Within the entries below, find the portion that opens with the line containing "Allahdan başqa ibadət" and closes with the line containing "Cool tshirt. Pink.". Retype that portion exactly and only.

» **PROVIDED MATERIAL**
------
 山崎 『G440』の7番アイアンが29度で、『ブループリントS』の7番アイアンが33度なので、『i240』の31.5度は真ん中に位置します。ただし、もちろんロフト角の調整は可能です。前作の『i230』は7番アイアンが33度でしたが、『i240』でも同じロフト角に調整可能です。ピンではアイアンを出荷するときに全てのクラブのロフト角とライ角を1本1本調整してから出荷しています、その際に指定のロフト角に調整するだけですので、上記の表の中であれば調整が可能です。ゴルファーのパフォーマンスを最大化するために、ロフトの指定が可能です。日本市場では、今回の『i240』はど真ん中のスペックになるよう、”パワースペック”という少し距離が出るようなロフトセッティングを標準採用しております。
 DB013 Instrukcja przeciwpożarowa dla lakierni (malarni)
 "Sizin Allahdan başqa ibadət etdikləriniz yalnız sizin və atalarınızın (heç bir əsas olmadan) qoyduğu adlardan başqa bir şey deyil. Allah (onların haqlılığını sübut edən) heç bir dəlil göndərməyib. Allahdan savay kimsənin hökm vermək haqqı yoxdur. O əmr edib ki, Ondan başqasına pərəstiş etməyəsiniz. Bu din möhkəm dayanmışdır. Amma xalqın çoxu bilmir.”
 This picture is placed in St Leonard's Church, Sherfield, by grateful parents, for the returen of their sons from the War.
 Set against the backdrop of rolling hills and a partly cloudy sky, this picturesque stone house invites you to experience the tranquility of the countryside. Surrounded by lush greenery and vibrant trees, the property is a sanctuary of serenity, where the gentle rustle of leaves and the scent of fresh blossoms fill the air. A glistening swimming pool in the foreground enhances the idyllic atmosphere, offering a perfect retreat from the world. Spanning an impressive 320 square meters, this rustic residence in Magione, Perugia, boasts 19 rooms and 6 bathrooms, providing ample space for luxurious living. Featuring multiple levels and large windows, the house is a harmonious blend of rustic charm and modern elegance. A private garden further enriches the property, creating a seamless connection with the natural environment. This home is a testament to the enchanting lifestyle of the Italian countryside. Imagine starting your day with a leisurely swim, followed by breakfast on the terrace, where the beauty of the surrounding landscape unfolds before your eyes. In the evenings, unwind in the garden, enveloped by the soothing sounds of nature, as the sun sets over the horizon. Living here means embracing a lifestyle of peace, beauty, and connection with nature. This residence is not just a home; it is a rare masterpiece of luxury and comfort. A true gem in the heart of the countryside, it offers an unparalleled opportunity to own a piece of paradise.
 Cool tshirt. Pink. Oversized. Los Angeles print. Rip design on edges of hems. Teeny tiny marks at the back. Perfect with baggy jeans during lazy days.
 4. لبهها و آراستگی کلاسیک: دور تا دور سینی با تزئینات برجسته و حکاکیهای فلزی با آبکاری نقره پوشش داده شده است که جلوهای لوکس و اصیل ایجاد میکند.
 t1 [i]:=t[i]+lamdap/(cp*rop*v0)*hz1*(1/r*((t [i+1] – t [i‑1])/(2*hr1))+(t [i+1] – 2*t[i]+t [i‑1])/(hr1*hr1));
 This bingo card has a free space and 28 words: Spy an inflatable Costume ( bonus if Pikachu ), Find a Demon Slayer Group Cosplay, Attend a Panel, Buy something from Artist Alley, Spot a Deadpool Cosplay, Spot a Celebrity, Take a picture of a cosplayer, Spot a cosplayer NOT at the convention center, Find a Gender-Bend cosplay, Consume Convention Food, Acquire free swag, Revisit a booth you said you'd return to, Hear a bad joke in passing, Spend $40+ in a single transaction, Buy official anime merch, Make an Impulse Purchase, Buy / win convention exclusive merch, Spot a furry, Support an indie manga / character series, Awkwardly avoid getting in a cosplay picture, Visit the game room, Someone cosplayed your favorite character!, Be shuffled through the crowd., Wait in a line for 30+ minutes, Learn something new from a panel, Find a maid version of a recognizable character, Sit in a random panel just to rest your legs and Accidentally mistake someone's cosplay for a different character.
------
» **SOLUTION TO THIS EXERCISE**
 "Sizin Allahdan başqa ibadət etdikləriniz yalnız sizin və atalarınızın (heç bir əsas olmadan) qoyduğu adlardan başqa bir şey deyil. Allah (onların haqlılığını sübut edən) heç bir dəlil göndərməyib. Allahdan savay kimsənin hökm vermək haqqı yoxdur. O əmr edib ki, Ondan başqasına pərəstiş etməyəsiniz. Bu din möhkəm dayanmışdır. Amma xalqın çoxu bilmir.”
 This picture is placed in St Leonard's Church, Sherfield, by grateful parents, for the returen of their sons from the War.
 Set against the backdrop of rolling hills and a partly cloudy sky, this picturesque stone house invites you to experience the tranquility of the countryside. Surrounded by lush greenery and vibrant trees, the property is a sanctuary of serenity, where the gentle rustle of leaves and the scent of fresh blossoms fill the air. A glistening swimming pool in the foreground enhances the idyllic atmosphere, offering a perfect retreat from the world. Spanning an impressive 320 square meters, this rustic residence in Magione, Perugia, boasts 19 rooms and 6 bathrooms, providing ample space for luxurious living. Featuring multiple levels and large windows, the house is a harmonious blend of rustic charm and modern elegance. A private garden further enriches the property, creating a seamless connection with the natural environment. This home is a testament to the enchanting lifestyle of the Italian countryside. Imagine starting your day with a leisurely swim, followed by breakfast on the terrace, where the beauty of the surrounding landscape unfolds before your eyes. In the evenings, unwind in the garden, enveloped by the soothing sounds of nature, as the sun sets over the horizon. Living here means embracing a lifestyle of peace, beauty, and connection with nature. This residence is not just a home; it is a rare masterpiece of luxury and comfort. A true gem in the heart of the countryside, it offers an unparalleled opportunity to own a piece of paradise.
 Cool tshirt. Pink. Oversized. Los Angeles print. Rip design on edges of hems. Teeny tiny marks at the back. Perfect with baggy jeans during lazy days.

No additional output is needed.